Monday, May 25, 2009

Pete Rose and the Hall of Fame

A commenter to my post on steroids and the Hall of Fame asks about Pete Rose. I thought it warranted a new post, rather than a comment. I actually wrote about this point three years ago.

Rose should not be in the Hall, because different rules apply. Rose is ineligible for the Hall under Rule 3E, which bars selection of anyone who is on MLB's permanently ineligible list. Rose is on that list because he agreed to be placed on the list (which he did to avoid the now-we-know-was-inevitable finding that he did, in fact, bet on games involving the Reds). There is no character/integrity/sportsmanship debate to be had with Rose--he is out because the rules (properly, I believe) keep him out.

But as the commenter notes, Rose was suspended for post-playing conduct. This raises a couple of points.

First, I still agree with the current outcome under Rule 3E. The ineligible list is the ineligible list for Hall purposes, regardless of when or why the suspension occurred.

But note the anomalies. Rose retired as a player in 1986 and would have been on the ballot for the first time (and almost certainly elected) in 1992. Suppose his gambling had not been revealed until 1995? I cannot find whether there is a procedure for removing someone from the Hall if that person is suspended from the game subsequent to his induction. So we could ask whether it makes sense to deny admission to a player based on a suspension for post-playing conduct when we would not remove him from the Hall for the same conduct. Actually, this happened in miniature in the early 1980s, when Willie Mays and Mickey Mantle were barred from any official involvement with MLB because they held PR positions with casinos (although Commissioner Bowie Kuhn had meant the suspension only to apply to formal employment and not to all involvement in the game). The Hall did nothing and the "suspension" was lifted after two years. Worse, under my counter-factual, Rose might not have been removed from the Hall (if no such procedure exists) even if had been discovered, post-induction, that he had gambled as a player.

Second, the commenter implicitly raises a different counter-factual: Suppose there were no Rule 3E (actually, the Rule did not exist until 1991, enacted specifically to ensure that Rose and the rehabilitating Shoeless Joe Jackson did not make it in). Now we squarely have the situation the commenter suggests: Baseball-related, post-playing, against-the-rules conduct, subject to the integrity/sportsmanship/character clause.

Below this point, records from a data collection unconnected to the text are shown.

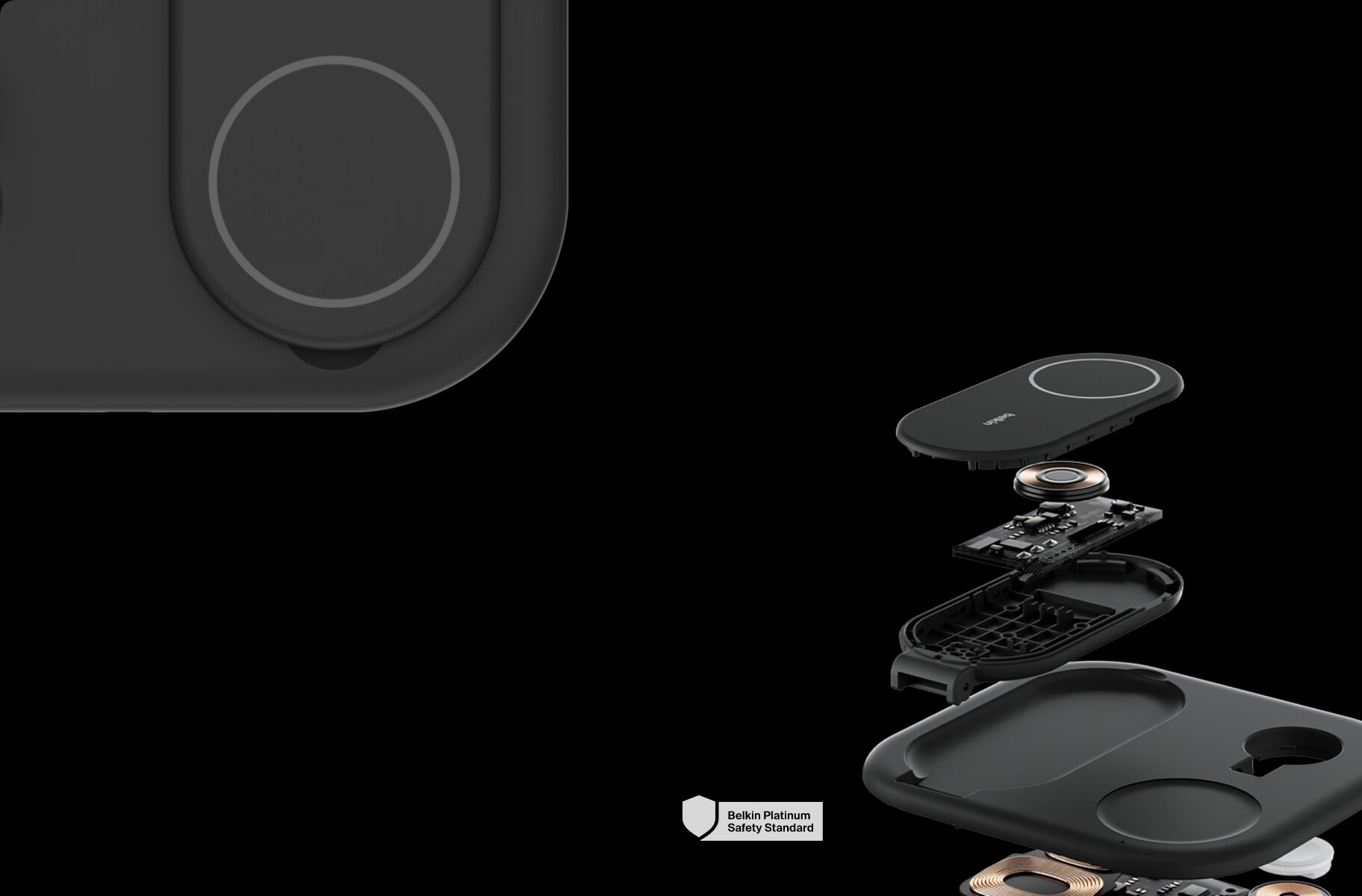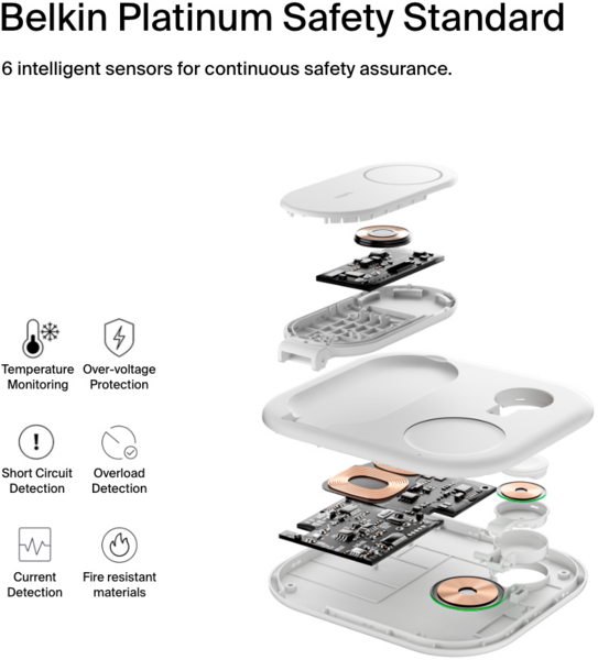 Наслаждайтесь беспроводным зарядным устройством 3 в 1, которое соответствует нашему стандарту безопасности Premium, прошедшему тщательные испытания. Кроме того, ваш телефон будет получать безопасную зарядку, даже если на него надет чехол, совместимый с MagSafe (до 3 мм).
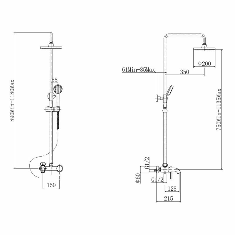 штанга: сталь SUS201, хром, H=750-1135 мм
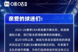 咪咕致信球迷:CBA常规赛开赛在即 很遗憾暂未获得新赛季转播权的整体进展暂时整理到这里,后续仍有变化空间。
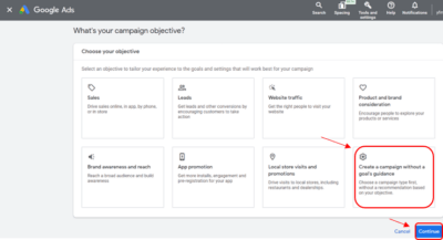 To start click on Create A Campaign without a Goal’s Guidance.
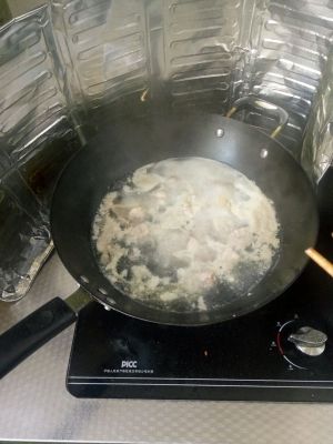 用大火煮沸后转至小火。放点姜片和盐。
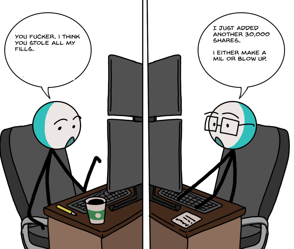 It’s Clockwork’s best trade ever up to that point. All his teammates and a few others outside his pod gather around him during post market review. Victor gives him a high five as he walks by. They all want to know, how’d he do it? How’d he figure out it was the top and grab all that size when everyone wanted to give up?
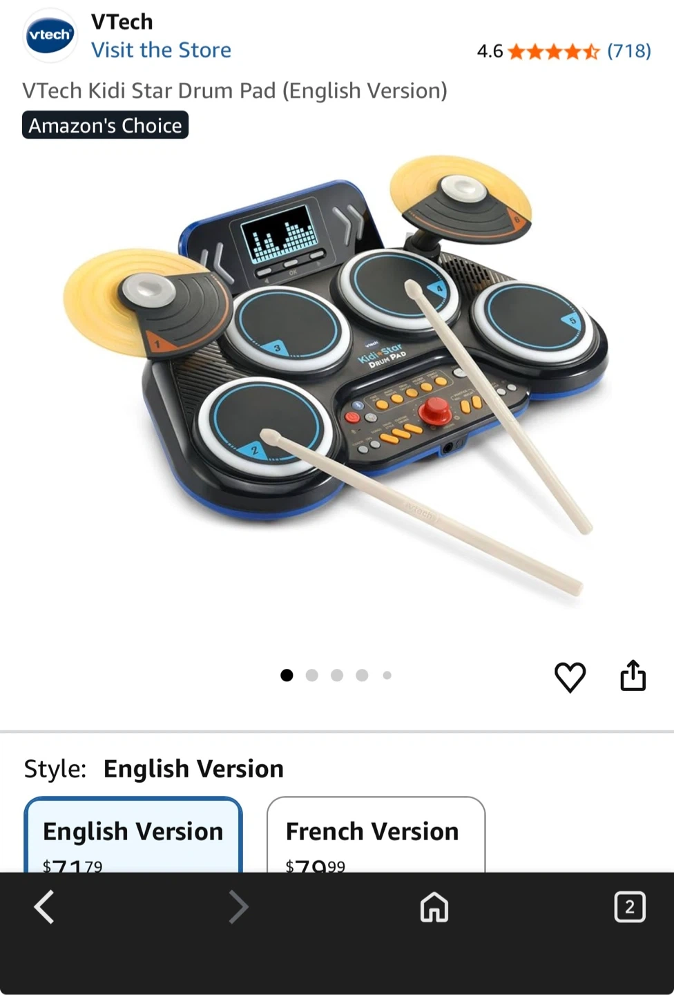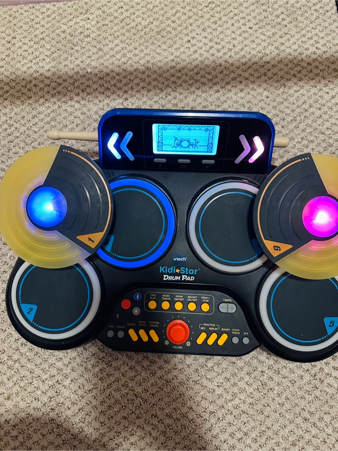 This VTech Kidi Star Drum Pad is a fun electronic drum set for kids. It has various modes like free play, music tracks, and drum styles. Includes drumsticks and lights up when played!
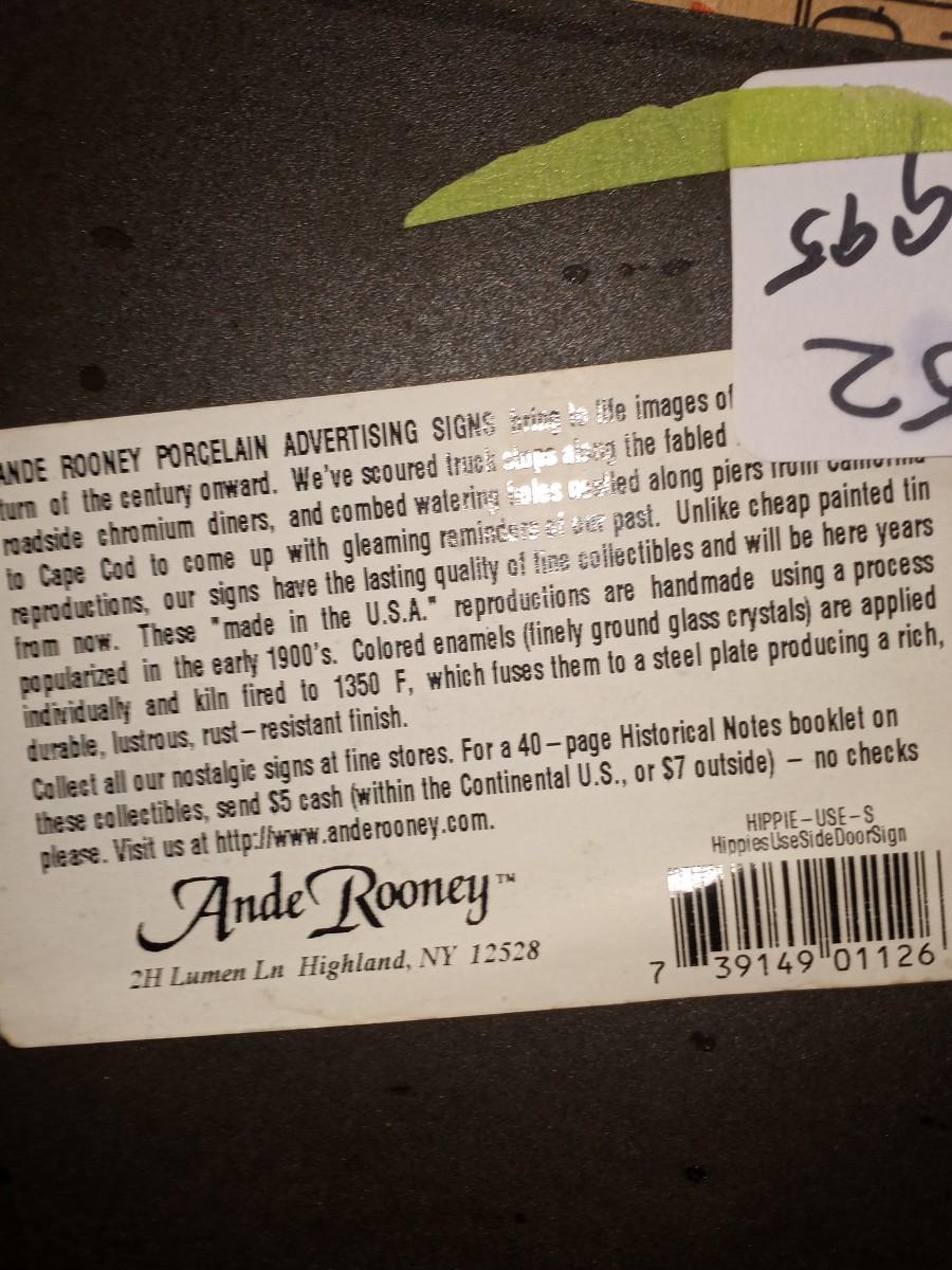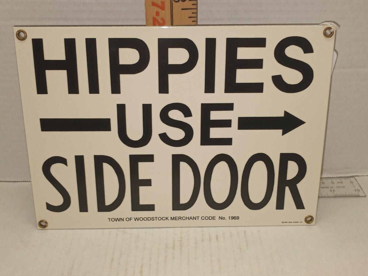Ande Rooney Enameled Porcelain Metal Sign Hippies Use Side Door
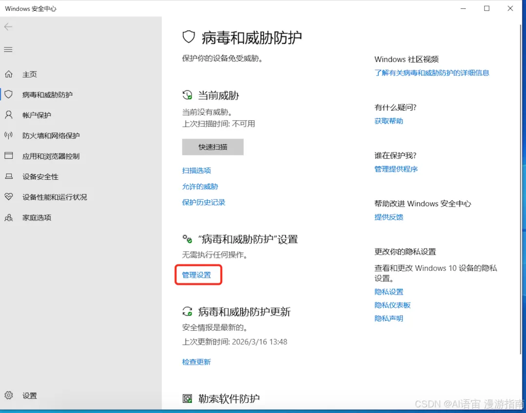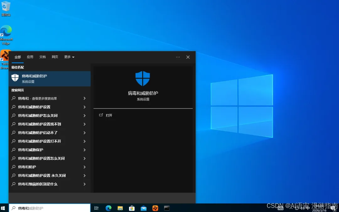 在搜索栏输入 "病毒和威胁防护",
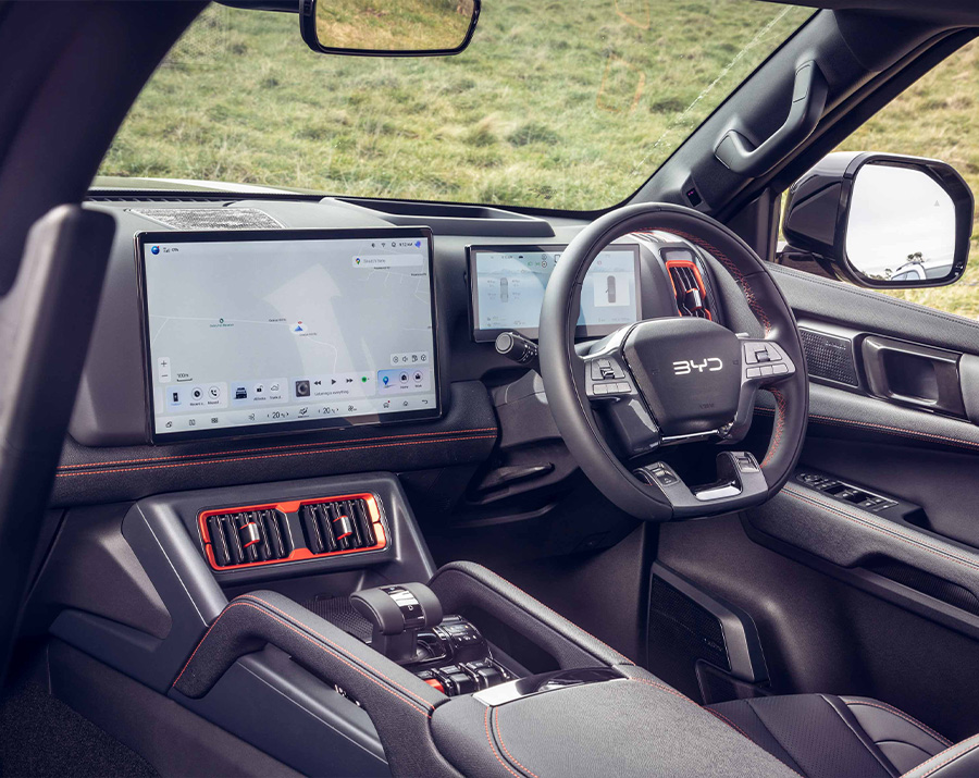 From even base trim, the 2026 BYD Shark 6 ute scores a decent host of equipment, including a 360-degree camera, 6.6kW of vehicle-to-load (V2L) capability (to run camping and jobsite external equipment), and a centre touchscreen with Android Auto and Apple CarPlay functionality.
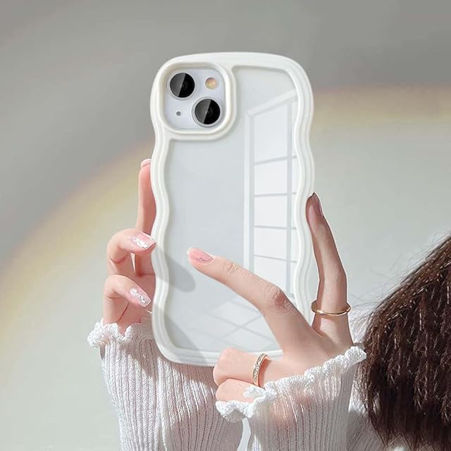 UEEBAI 対応 iPhone 15 用の ケース ソフト TPU カバー 可愛い おしゃれケース 透明 ウェーブ デザイン スマホケース ワイヤレス充電対応 軽量 薄型 耐衝撃 人気 波型 バンパー スマホケース - ホワイト
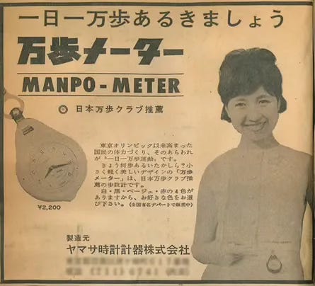 Trackers muddy the waters here too. We’re told that “1h of exercise per day” and “10,000 steps” are enough. But those “10,000 steps” were a marketing invention by a Japanese pedometer manufacturer in 1965 (Manpo-kei, literally “10,000 step counter”). Zero scientific basis.

I say he still should not get in. First, I would not divide his baseball conduct between playing and non-playing conduct; it is all what he did as part of baseball and whether he violated specific rules of the game. And he did. Note that this makes his tax evasion conviction/prison term irrelevant, because that was non-baseball.

More prominently, Rose violated a specific rule of MLB through acts that go to the basic integrity of the game in a way that steroid use does not. The game's integrity demands that every player go all out to win every game to the best of his ability and effort, for the sake of winning (and the intrinsic values associated with winning), within the established rules of the game. A player who uses steroids or other PEDs is trying to maximize his performance and his success--that is the basic argument in the Zev Chafets piece that I originally linked to. Gambling on games involving one's own team (even if always to win) runs contrary to that understanding of the game's integrity.